Они долго стояли на мосту, глядя на ширь и спокойствие покрытой солнечным глянцем реки.   И Карцов поймал себя на том, что хочет домой. В свой родной N, где нет реки, но есть любимая работа. И его личное дело, его обещание профессору Моисееву – превратить соленые воды океанов и морей в такую вот Даугаву, питающую здоровой влагой пустыни и степи. Захотелось увидеть Катю, коллег-товарищей, заглянуть в гости к школьному приятелю Глебу, у которого недавно родился сын…

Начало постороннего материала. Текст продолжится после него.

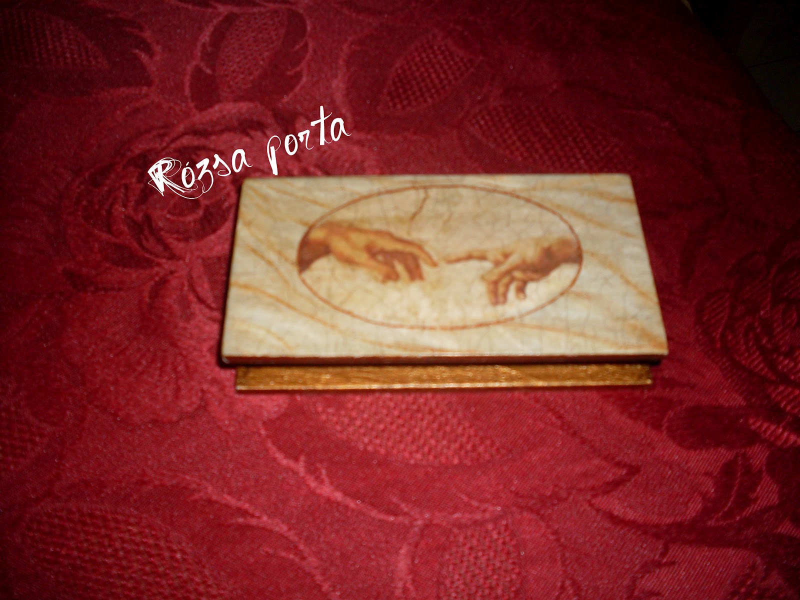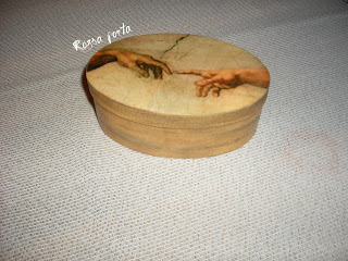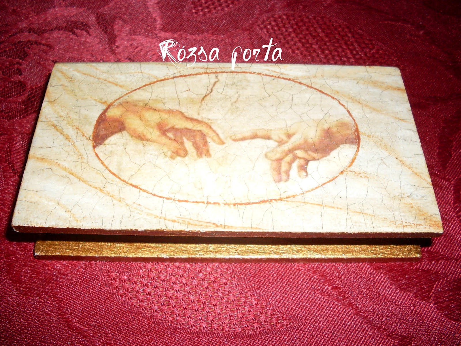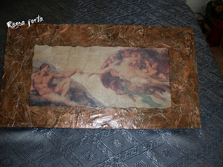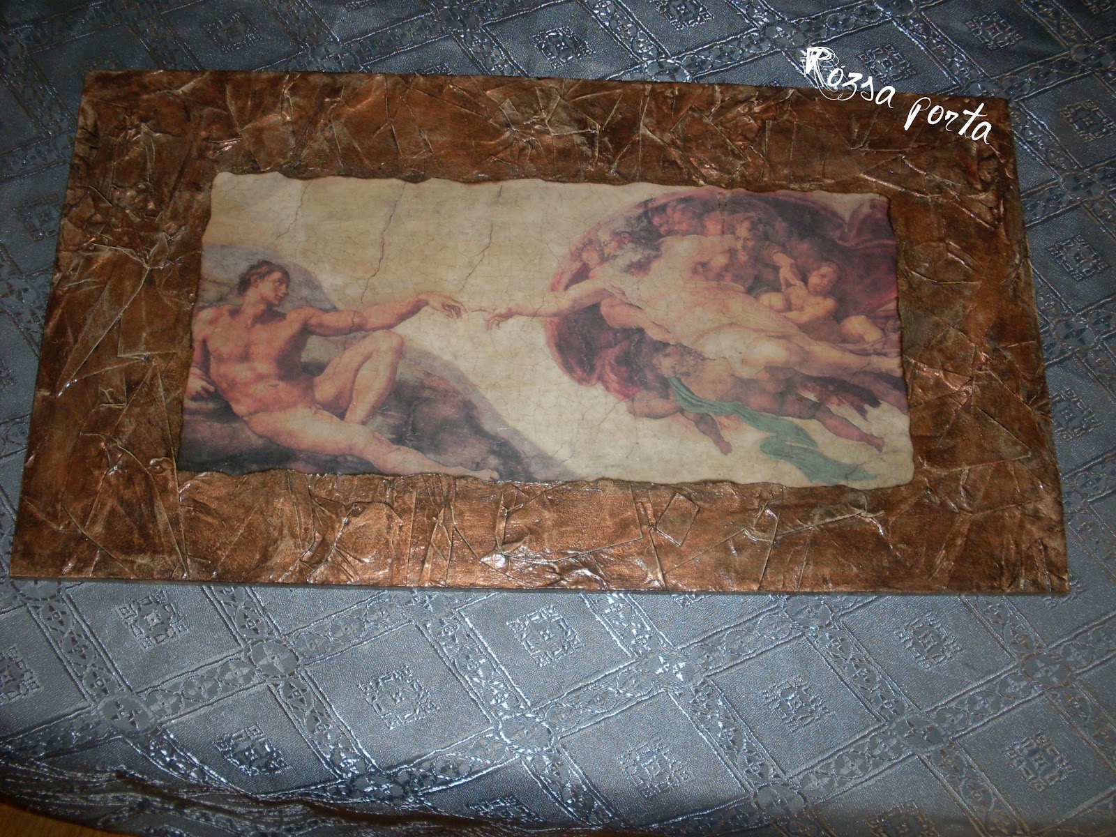 Nem tudtam ellenállni annak, hogy Ádám teremtését teljes egészében is felhasználjam. Itt egy vékony - ún. soft - decoupage-papírt haszháltam.

- А теперь, друзья мои, - Вениамин Альбертович оторвался от перил, - приглашаю вас на прощальный обед. Я знаю здесь один пре-е-красный ресторанчик в национальном духе. Как говорил герой известной любовной повести: «Пора и мне на север». Завтра я уезжаю. Идемте!
***
После обеда (Кротов от себя заказал графин сидра и кофе с мороженым) Вениамин Альбертович вынул из пиджака блокнотик и стал быстро писать.  Отрывая листок за листком.

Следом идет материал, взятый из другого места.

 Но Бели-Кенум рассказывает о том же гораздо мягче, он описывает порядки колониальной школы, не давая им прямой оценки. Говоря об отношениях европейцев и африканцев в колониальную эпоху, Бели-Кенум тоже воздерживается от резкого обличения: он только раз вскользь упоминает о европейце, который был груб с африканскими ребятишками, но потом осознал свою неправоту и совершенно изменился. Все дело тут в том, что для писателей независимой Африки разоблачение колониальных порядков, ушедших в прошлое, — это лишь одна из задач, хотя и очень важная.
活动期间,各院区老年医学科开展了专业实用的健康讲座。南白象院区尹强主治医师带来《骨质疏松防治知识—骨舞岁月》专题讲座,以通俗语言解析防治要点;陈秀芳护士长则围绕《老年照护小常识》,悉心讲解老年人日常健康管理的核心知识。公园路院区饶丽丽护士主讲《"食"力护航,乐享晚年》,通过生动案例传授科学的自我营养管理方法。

- Это мой адрес и телефон. Будете в столице – милости прошу в гости. Лучшего экскурсовода вы не найдете! Мариночка, Кирилл, Анатолий Владимирович… прошу.
Кротов взял адрес, кивнул и сказал, улыбаясь:
- Не останусь в долгу, позвольте ручку и бумагу.
И тоже написал три листка.
- Будете в Ленинграде, покажу вам город. За качество экскурсии не ручаюсь, но ноги ваши устанут -  это точно.
- Ну и я тогда тоже, - Карцов взял блокнот. – Чайку попьем, сходим в парк, комбинат свой покажу и свожу на озеро Гранитное. Чем богаты, тем и рады.
Марина не написала ничего. И даже не взяла ничьего адреса:
- Не уверена, что это понравится моему мужу.
Карцов покраснел.
***
Вернувшись домой (12 августа), уставший отдыхать Карцов с радостью взялся за чертежи, ждущие его в конструкторском бюро. И первые дни виделся с Катей постоянно – делиться впечатлениями и новыми мыслями. Встречи происходили в восемь вечера на «их месте» - у памятника Ленину на площади Революции. Получив брошку, Катя, как ребенок счастливо засмеялась и в порыве чмокнула Карцова в щеку. Став вдруг для него самой лучшей и красивой на свете…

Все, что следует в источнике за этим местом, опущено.